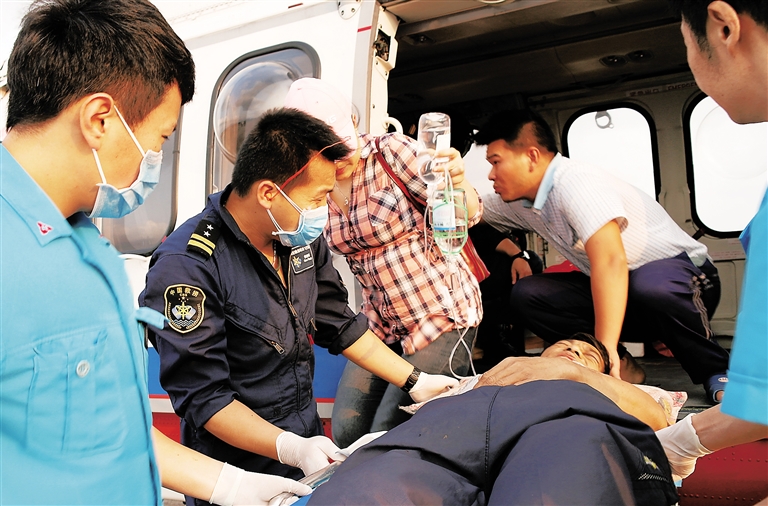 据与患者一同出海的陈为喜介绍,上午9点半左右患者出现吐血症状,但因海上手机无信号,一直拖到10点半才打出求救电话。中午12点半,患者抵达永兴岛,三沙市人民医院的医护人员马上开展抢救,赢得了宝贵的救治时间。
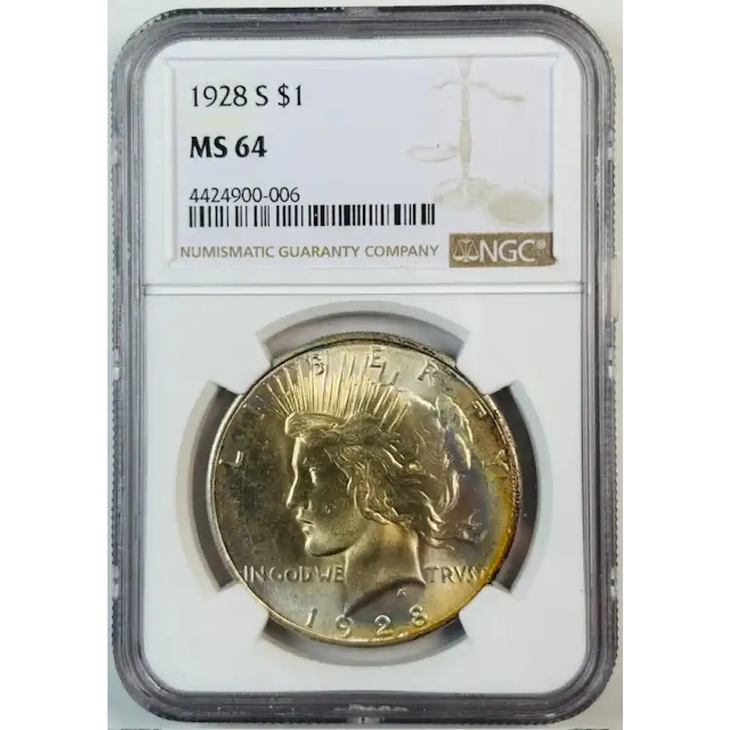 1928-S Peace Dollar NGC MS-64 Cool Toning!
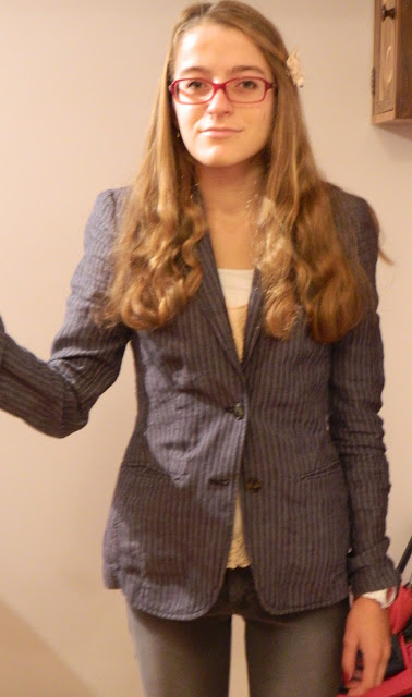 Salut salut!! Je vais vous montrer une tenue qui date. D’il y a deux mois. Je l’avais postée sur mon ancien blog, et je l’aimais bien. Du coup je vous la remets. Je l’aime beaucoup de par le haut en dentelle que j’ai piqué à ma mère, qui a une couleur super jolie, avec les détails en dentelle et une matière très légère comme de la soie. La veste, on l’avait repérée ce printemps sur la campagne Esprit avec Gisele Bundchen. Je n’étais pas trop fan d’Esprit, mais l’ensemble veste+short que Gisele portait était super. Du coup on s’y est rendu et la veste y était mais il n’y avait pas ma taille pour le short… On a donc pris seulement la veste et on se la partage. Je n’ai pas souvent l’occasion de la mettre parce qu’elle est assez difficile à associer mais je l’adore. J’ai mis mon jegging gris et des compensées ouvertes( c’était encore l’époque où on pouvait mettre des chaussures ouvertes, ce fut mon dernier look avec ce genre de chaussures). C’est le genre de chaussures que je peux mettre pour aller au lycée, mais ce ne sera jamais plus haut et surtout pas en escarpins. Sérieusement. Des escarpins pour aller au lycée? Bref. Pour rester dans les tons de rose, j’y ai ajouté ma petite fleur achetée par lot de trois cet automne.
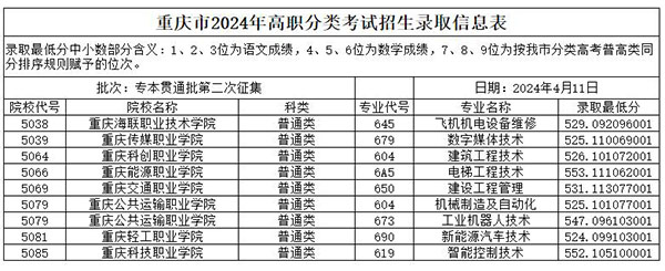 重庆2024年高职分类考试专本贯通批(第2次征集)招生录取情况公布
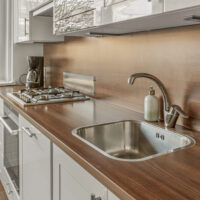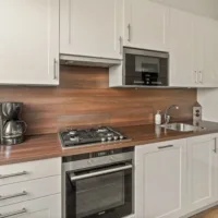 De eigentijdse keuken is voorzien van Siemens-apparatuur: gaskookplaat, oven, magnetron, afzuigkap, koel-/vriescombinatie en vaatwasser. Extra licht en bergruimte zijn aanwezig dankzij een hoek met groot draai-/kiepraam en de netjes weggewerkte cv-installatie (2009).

+ + +

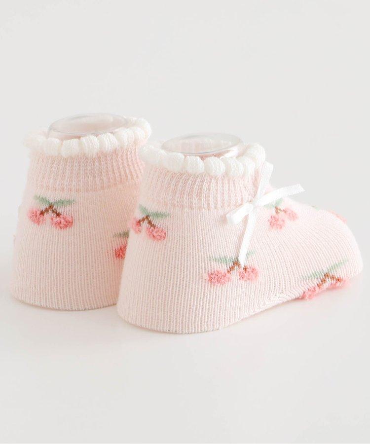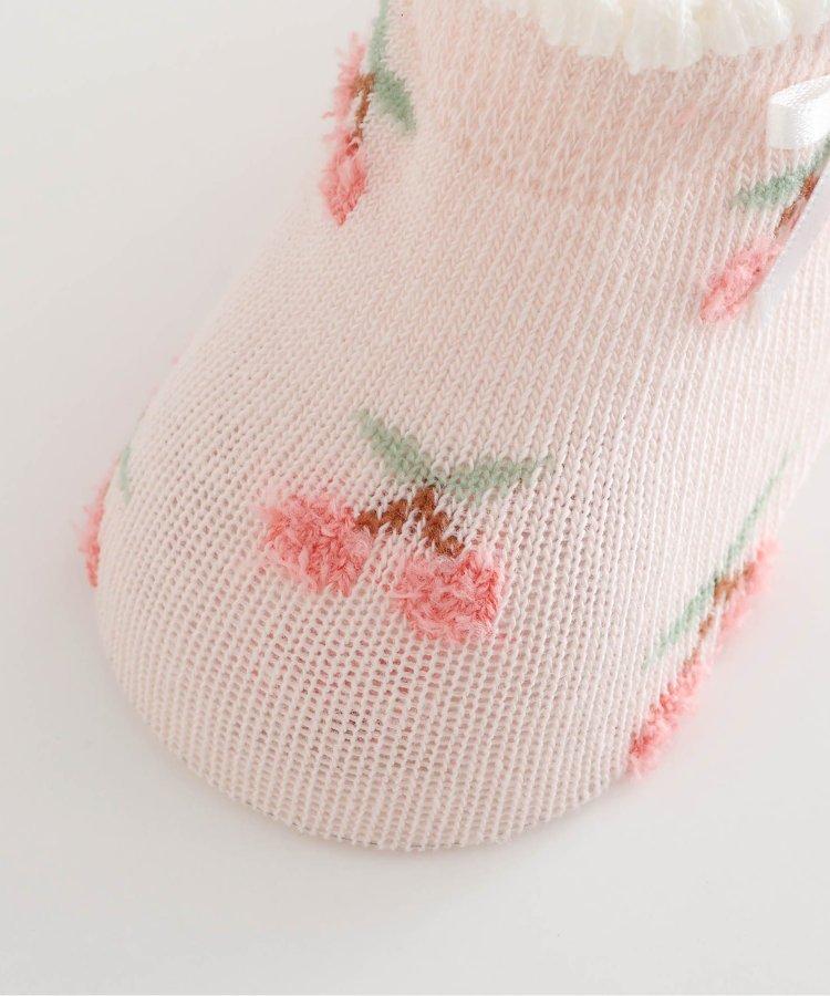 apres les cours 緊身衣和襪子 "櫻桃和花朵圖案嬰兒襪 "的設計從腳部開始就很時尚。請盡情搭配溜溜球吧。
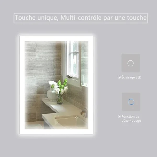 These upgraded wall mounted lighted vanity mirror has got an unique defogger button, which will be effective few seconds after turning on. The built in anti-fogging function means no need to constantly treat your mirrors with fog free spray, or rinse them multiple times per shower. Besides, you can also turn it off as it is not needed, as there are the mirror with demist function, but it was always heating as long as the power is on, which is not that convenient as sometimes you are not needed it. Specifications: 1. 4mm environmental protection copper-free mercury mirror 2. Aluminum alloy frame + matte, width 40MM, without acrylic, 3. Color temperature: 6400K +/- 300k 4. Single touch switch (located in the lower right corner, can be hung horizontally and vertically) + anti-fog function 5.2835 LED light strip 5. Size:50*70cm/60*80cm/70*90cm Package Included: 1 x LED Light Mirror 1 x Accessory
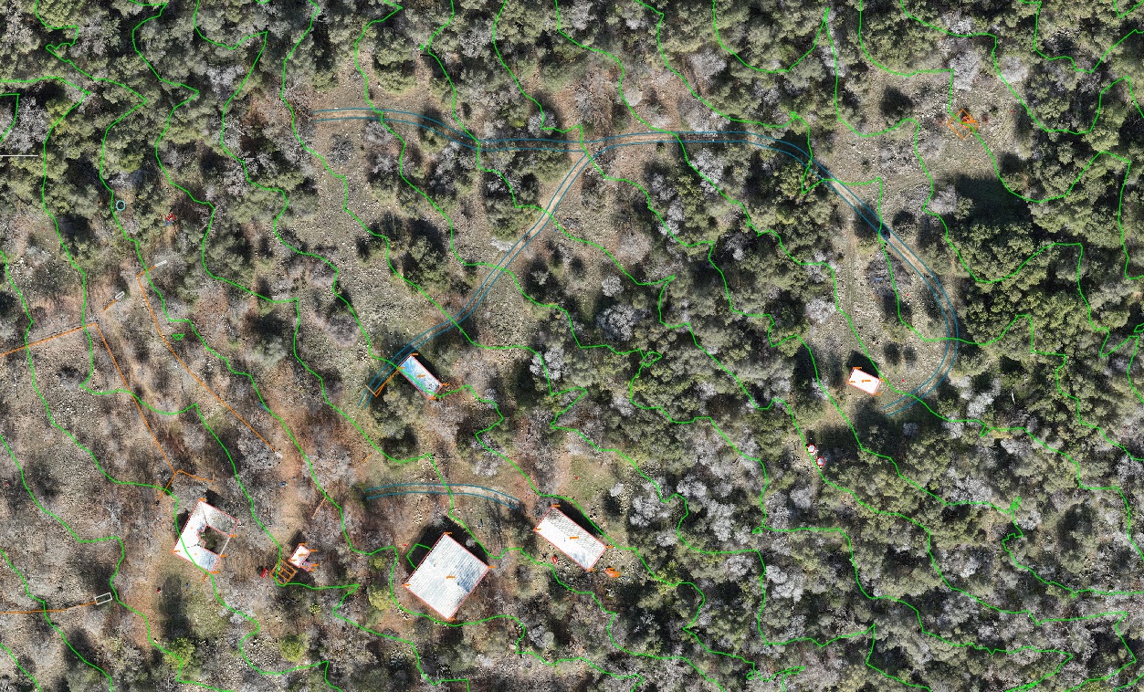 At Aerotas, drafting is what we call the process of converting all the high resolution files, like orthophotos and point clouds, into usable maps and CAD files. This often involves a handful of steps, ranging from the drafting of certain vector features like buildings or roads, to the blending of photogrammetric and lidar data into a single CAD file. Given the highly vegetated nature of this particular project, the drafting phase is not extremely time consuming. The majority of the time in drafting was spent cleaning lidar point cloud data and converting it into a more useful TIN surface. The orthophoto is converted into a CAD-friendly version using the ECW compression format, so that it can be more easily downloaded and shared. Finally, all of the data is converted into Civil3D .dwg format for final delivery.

+ + +

*ABOUT THIS EXERCISE:*
In the listing above, the required lines run from the line with "apres les cours" through the line with "These upgraded wall". Output exactly those lines, omitting pictures.

*YOUR RESPONSE:*
 apres les cours 緊身衣和襪子 "櫻桃和花朵圖案嬰兒襪 "的設計從腳部開始就很時尚。請盡情搭配溜溜球吧。
 These upgraded wall mounted lighted vanity mirror has got an unique defogger button, which will be effective few seconds after turning on. The built in anti-fogging function means no need to constantly treat your mirrors with fog free spray, or rinse them multiple times per shower. Besides, you can also turn it off as it is not needed, as there are the mirror with demist function, but it was always heating as long as the power is on, which is not that convenient as sometimes you are not needed it. Specifications: 1. 4mm environmental protection copper-free mercury mirror 2. Aluminum alloy frame + matte, width 40MM, without acrylic, 3. Color temperature: 6400K +/- 300k 4. Single touch switch (located in the lower right corner, can be hung horizontally and vertically) + anti-fog function 5.2835 LED light strip 5. Size:50*70cm/60*80cm/70*90cm Package Included: 1 x LED Light Mirror 1 x Accessory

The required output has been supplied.